Scientology-linked Sterling Management loses
case against CAN



Emery Wilson Corporation, a Scientology-linked organization doing business as Sterling Management, lost a lawsuit last month which it had brought in 1991 against the Cult Awareness Network and several individuals.

The suit alleged that CAN and the other defendants harmed Sterling Management's business operations through dissemination to the American Dental Association and to many other individuals and organizations of information about Sterling Management and its links to the Church of Scientology.
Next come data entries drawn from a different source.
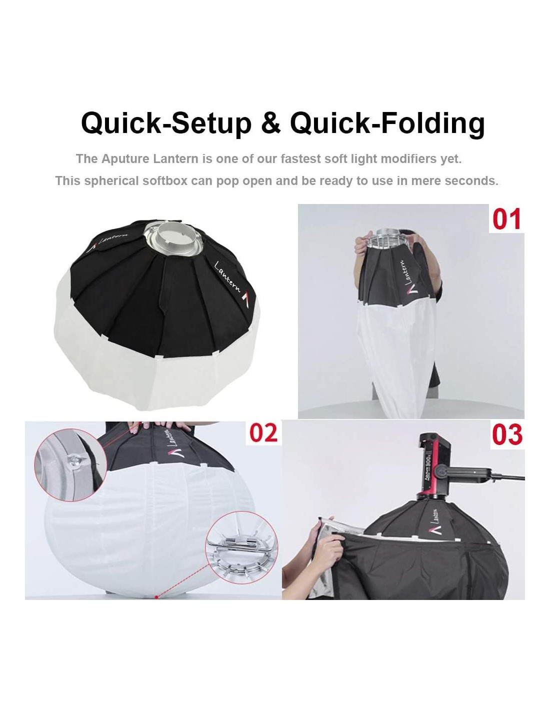 - Configuración Rápida y Plegado Rápido: La Aputure Lantern puede abrirse y estar lista para usar en cuestión de segundos. Con la Linterna podrás producir luz suave y uniforme dondequiera que tus sesiones de fotos te lleven.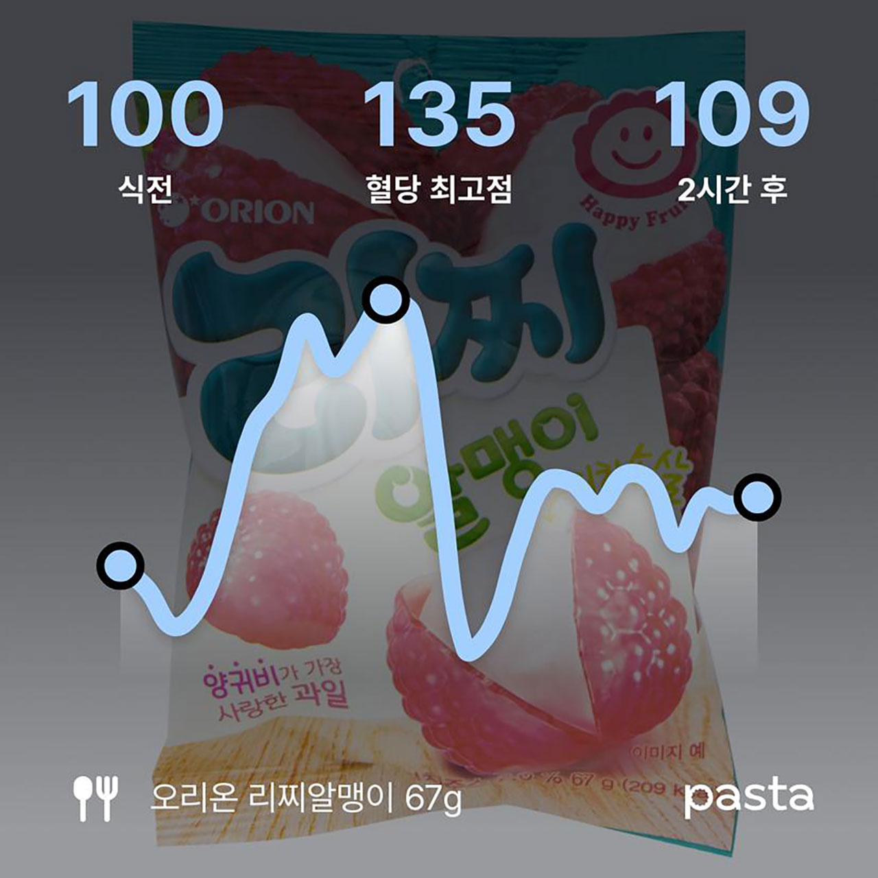 적은 양으로도 혈당이 많이 오른 음식 중 하나는 젤리였습니다. 손바닥 크기의 젤리 한 봉지만으로 식사한 만큼이나 혈당 수치가 올랐습니다. 아무리 군것질하고 싶어도 젤리만큼은 피해야겠습니다.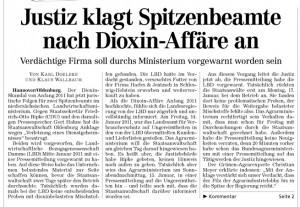 HAZ TITELSEITE 16.02.2012 JUSTIZ KLAGT SPITZENBEAMTE NACH DIOXIN-AFFÄRE AN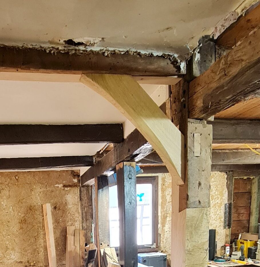 Sorgfalt beim Austausch von statisch relevanten Teilen. Durch das Abstützen wird der Einsturz des Hauses beim Bauen vermieden und Elemente gerichtet.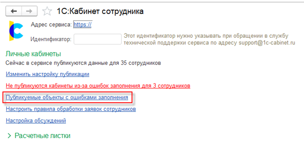 Выполнены доработки интеграции с сервисом 1С:Кабинет сотрудника.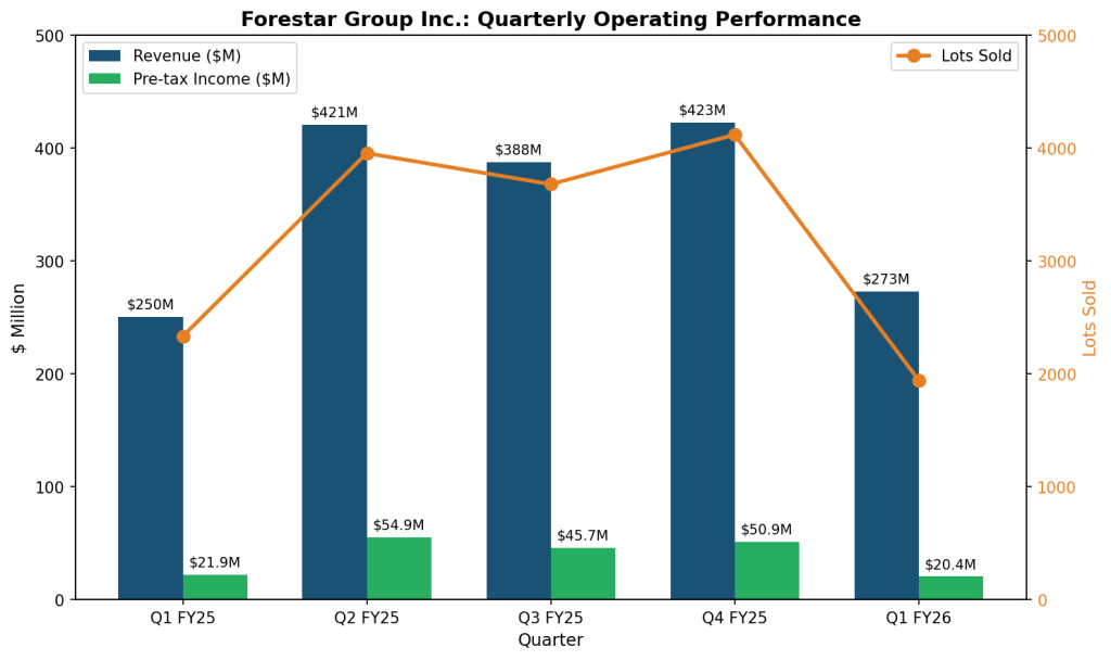 Forestar Group Inc. reported Q1 FY2026 revenue of $273.0 million (up 9% YoY) and net income of $15.4 million ($0.30 EPS). The company sold 1,944 lots at an average price of $120,700, reflecting higher-value lot mix. Book value per share increased 10% to $35.10 while net debt to capital remained conservative at 24.6%. The contracted backlog of 16,800 lots valued at $1.8 billion provides solid revenue visibility. Management maintained full-year fiscal 2026 guidance for 14,000-15,000 lots and $1.6 billion to $1.7 billion in revenue.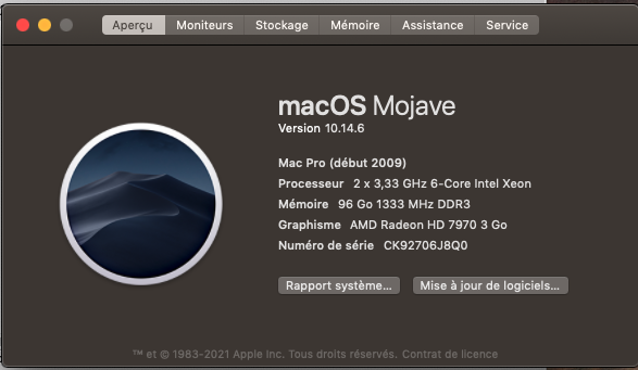 Depuis peu j'ai un Mac Pro de 2009, bi-Xeon avec 96 Go de ram une Radeon HD 7970: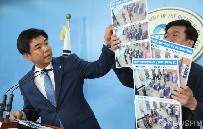 [서울=뉴스핌] 김학선 기자 = 김병욱 더불어민주당 의원이 13일 국회 정론관에서 기자회견을 열고 삼성전자 기흥사업장 이산화탄소 유출 사망사고 CCTV영상 캡처 사진을 공개하며 회사측의 대처가 매우 미숙했다고 밝히고 있다. 2018.09.13 yooksa@newspim.com

Other defendants in the case included CAN Executive Director Cynthia Kisser, and Priscilla Coates of the Los Angeles affiliate of CAN. Craig Branch, Vice-President of the Christian counter- cult ministry Watchman Fellowship, had also been named in the suit, but was dropped as a defendant early in the case because the court in which the suit had been filed, the Superior Court of the State of California for the County of Los Angeles, did not have jurisdiction over Branch, a resident of Alabama.

Judge Aviva K. Bobb granted CAN's Motion for Summary Judgment in the case, finding that Sterling Management offered no evidence for its claim that any of the defendants interfered in causing cancellation of a contract between Sterling Management and the Better Business Bureau. Sterling Management was not able to prove that the defendants were responsible for disrupted relationships with Sterling's clients and prospective clients.

The court had precluded Sterling Management from presenting evidence of this alleged disruption because of sanctions it issued last year after CAN proved to the court that Sterling Management had purposely tried to destroy evidence in the case which proved Sterling Management was linked organizationally to the Church of Scientology. The evidence had been found by Priscilla Coates after Sterling Management discarded it and it was subsequently authenticated by the court. Sterling Management had claimed at that time that it filed the suit that it was a secular organization with no connection to Scientology.

CAN had also been sanctioned in the case for discarding old records of incoming phone calls to CAN from the public. Unlike the sanction Judge Bobb issued against Sterling Management, the sanction she issued against CAN did not conclude that the discarded records were evidence in the case, but simply that they might have been evidence in the case, but since they had been discarded, the court was not able to examine them so that a determination could be made.

The Sterling Management case was one of approximately 50 cases brought against CAN or its affiliates during 1991 and 1992. Only three cases remain active. In all the other cases the Scientology defendants either lost the cases or voluntarily withdrew them.

CAN's Motion for Summary Judgement was written by Cathy Shipe and argued by Daniel A. Liepold, both with the law firm of Hagenbaugh & Murphy in Orange, Calif. Sterling Management was represented by Lawrence E. Heller of Turner, Gerstenfeld, Wilk, Tigreman & Heller, Los Angeles, Calif.




The CULT AWARENESS NETWORK is a national, tax-exempt non-profit educational organization, dedicated to promoting public awareness of the harmful effects of mind control. CAN confines its concerns to unethical or illegal practices and does not judge doctrine or belief.